Domestic/International: A gunman attacked the Azerbaijani embassy in Tehran. One guard was killed and two others were injured. “We demand that this terrorist act be investigated and the terrorist be punished,” said Azerbaijan’s president, Ilham Aliyev. The Azerbaijani foreign ministry said that it would evacuate its personnel in Iran. The Iranian foreign ministry condemned the attack, and security forces detained a suspect. The attack occurred during months of tensions between Iran and Azerbaijan.

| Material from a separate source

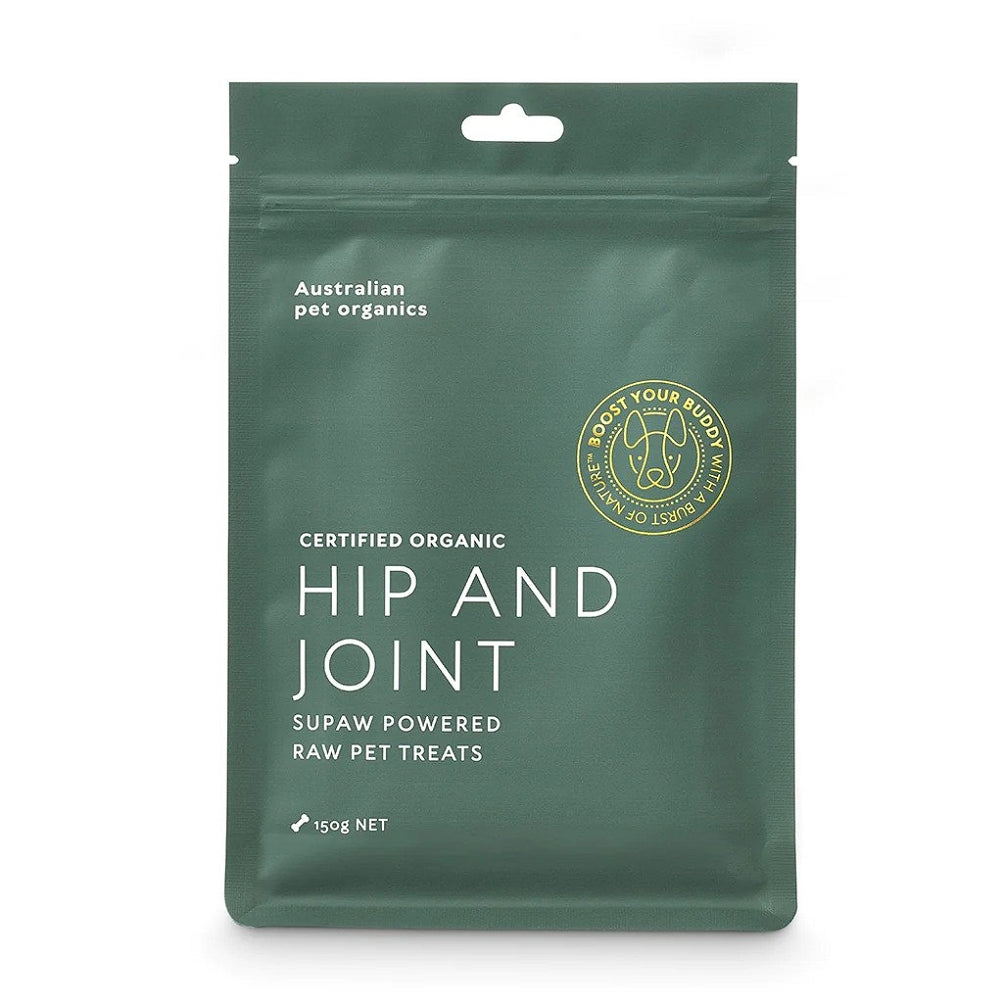 A natural treat containing a powerful combination of Rosehip and Turmeric powder together with our trademarked Supaw™ blend. Our Certified Organic Hip and Joint Treats help doggos with stiffness or inflammation or those prone to injury. They are a helpful recovery aid for active dogs, help with bone growth and mobility in younger dogs and ease stiffness, arthritis and other age-related joint pain in older dogs.

Domestic/Human Rights: Security forces reportedly fired on protesters with live ammunition and tear gas in Zahedan. Zahedan has been the center of a violent crackdown by security forces. The city’s entrances and exits were reportedly blocked

International: The United States indicted three men for plotting to assassinate Masih Alinejad, a Brooklyn-based activist critical of the Iranian government. The men, members of an eastern European criminal organization, were working for people based in Iran. The plot reflected Iran’s determination to silence critics, even in the United States. The plotters faced up to 40 years in prison on murder-for-hire and money laundering charges. One faced an additional five years for possessing a firearm with an obliterated serial number.


January 28 

Domestic/International: Suicide drones equipped with explosives struck a military plant in Isfahan that Iran said was an ammunition storehouse. The small size of the blast indicated that the building “could have been a lab or military-logistics site,” the Wall Street Journal reported. Iran’s defense ministry claimed that the attack caused only minor damage. The Jerusalem Post, however, cited Western Intelligence officials who claimed the attack was a “phenomenal success.”  While Israeli officials refused to comment, U.S. intelligence officials told the New York Times that the attack was the work of Mossad.


January 29

International: An airstrike reportedly killed seven drivers and members of a convoy carrying Iranian weapons from Iraq into northeastern Syria. A pro-Syrian regime radio station reported that “unidentified war planes targeted, in a number of raids, six refrigerated trucks.”